DATA SUPPLIED section start

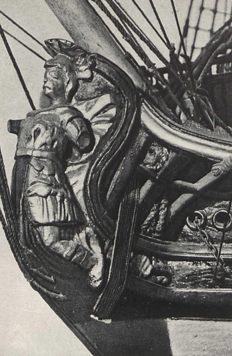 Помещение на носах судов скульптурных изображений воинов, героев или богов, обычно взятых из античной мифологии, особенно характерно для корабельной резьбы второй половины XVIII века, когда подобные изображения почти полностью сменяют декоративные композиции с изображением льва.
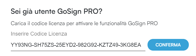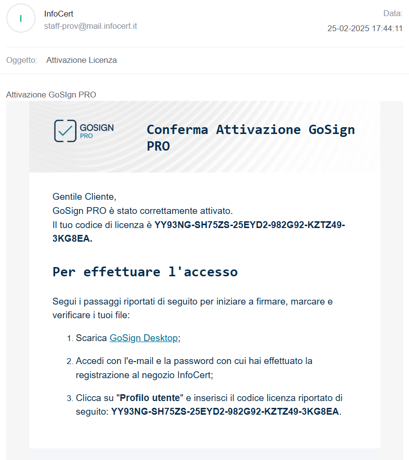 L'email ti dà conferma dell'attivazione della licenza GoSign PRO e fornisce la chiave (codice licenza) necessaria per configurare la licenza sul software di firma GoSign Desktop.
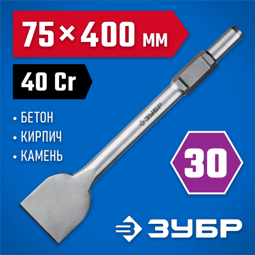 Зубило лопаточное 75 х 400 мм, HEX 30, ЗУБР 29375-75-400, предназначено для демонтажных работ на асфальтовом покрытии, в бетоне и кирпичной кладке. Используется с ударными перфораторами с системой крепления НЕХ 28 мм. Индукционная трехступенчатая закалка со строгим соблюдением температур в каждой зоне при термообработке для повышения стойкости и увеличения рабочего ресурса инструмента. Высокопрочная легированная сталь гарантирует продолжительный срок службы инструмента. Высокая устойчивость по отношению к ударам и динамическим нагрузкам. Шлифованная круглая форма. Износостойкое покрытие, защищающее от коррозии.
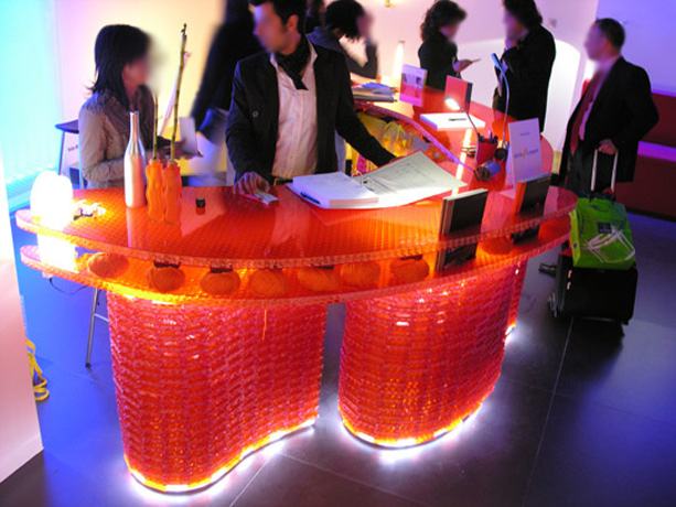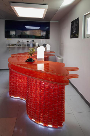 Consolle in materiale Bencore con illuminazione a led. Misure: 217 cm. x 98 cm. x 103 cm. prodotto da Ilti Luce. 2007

DATA SUPPLIED section end
DATA SUPPLIED section start

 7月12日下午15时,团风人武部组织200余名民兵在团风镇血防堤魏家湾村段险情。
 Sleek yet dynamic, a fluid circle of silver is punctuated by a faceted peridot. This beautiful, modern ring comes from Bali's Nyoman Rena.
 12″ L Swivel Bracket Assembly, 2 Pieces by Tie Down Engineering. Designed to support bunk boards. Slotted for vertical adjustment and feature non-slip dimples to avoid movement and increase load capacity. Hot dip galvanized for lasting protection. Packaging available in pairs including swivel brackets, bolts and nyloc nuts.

DATA SUPPLIED section end

With the pictures left out, write out exactly the lines above from the one containing "Помещение на носах" through the one containing "L'email ti dà".

 Помещение на носах судов скульптурных изображений воинов, героев или богов, обычно взятых из античной мифологии, особенно характерно для корабельной резьбы второй половины XVIII века, когда подобные изображения почти полностью сменяют декоративные композиции с изображением льва.
 L'email ti dà conferma dell'attivazione della licenza GoSign PRO e fornisce la chiave (codice licenza) necessaria per configurare la licenza sul software di firma GoSign Desktop.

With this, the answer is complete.